STUDY MATERIAL: Begin
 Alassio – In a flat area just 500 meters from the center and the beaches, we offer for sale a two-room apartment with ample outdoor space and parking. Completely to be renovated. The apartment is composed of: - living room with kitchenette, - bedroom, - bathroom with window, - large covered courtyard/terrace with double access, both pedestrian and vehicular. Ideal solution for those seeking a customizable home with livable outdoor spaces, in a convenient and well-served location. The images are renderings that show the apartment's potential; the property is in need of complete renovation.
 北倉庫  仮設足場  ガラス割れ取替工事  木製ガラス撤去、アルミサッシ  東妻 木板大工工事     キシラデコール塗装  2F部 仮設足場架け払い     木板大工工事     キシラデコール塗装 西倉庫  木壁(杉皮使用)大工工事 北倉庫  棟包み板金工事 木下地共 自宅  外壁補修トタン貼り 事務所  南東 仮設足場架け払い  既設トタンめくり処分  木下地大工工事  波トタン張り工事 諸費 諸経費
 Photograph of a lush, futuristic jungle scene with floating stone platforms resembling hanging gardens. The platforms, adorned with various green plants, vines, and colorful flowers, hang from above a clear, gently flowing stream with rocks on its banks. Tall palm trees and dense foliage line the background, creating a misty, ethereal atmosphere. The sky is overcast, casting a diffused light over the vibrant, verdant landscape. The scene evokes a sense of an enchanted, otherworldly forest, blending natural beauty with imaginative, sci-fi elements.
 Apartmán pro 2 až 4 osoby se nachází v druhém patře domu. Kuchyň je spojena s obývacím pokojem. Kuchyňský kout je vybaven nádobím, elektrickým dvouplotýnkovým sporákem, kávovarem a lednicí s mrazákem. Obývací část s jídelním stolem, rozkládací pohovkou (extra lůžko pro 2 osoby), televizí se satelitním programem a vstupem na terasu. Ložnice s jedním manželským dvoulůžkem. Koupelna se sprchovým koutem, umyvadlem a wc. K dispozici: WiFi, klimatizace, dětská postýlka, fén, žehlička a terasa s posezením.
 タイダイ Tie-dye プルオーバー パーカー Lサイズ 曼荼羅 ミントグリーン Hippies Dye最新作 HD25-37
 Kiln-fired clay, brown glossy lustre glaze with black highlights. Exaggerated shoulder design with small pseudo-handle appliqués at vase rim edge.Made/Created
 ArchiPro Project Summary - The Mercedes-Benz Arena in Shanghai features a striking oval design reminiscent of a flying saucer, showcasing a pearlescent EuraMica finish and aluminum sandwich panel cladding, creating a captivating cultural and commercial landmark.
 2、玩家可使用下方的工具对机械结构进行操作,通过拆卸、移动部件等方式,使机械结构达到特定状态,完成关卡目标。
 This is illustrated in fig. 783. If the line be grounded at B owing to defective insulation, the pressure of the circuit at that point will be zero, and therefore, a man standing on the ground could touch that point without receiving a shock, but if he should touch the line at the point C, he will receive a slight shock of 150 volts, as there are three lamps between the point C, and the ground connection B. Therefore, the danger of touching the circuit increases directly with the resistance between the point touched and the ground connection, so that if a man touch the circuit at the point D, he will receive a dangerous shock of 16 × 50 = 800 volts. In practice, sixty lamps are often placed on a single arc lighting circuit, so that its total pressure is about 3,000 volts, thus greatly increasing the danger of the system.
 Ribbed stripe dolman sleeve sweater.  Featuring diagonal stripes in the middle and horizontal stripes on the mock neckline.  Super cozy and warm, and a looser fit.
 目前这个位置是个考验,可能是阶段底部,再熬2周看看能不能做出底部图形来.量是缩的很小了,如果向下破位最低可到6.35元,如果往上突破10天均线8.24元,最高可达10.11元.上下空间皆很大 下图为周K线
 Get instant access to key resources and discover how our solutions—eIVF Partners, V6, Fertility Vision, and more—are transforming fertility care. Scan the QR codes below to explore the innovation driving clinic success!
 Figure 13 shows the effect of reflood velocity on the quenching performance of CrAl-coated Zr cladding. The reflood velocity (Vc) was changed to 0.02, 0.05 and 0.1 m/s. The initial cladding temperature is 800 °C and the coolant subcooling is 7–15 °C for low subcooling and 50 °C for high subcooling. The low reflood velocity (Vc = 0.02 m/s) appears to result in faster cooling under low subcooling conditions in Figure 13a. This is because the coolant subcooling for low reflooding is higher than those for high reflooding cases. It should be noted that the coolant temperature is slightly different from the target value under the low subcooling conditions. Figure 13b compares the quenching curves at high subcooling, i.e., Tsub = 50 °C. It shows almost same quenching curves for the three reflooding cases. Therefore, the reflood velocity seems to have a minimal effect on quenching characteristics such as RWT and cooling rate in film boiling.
STUDY MATERIAL: End
Start at the first line of the entries and stop at the line with "波トタン張り工事 諸費 諸経費". Retype each of those lines exactly, both ends included.

ANSWER:
 Alassio – In a flat area just 500 meters from the center and the beaches, we offer for sale a two-room apartment with ample outdoor space and parking. Completely to be renovated. The apartment is composed of: - living room with kitchenette, - bedroom, - bathroom with window, - large covered courtyard/terrace with double access, both pedestrian and vehicular. Ideal solution for those seeking a customizable home with livable outdoor spaces, in a convenient and well-served location. The images are renderings that show the apartment's potential; the property is in need of complete renovation.
 北倉庫  仮設足場  ガラス割れ取替工事  木製ガラス撤去、アルミサッシ  東妻 木板大工工事     キシラデコール塗装  2F部 仮設足場架け払い     木板大工工事     キシラデコール塗装 西倉庫  木壁(杉皮使用)大工工事 北倉庫  棟包み板金工事 木下地共 自宅  外壁補修トタン貼り 事務所  南東 仮設足場架け払い  既設トタンめくり処分  木下地大工工事  波トタン張り工事 諸費 諸経費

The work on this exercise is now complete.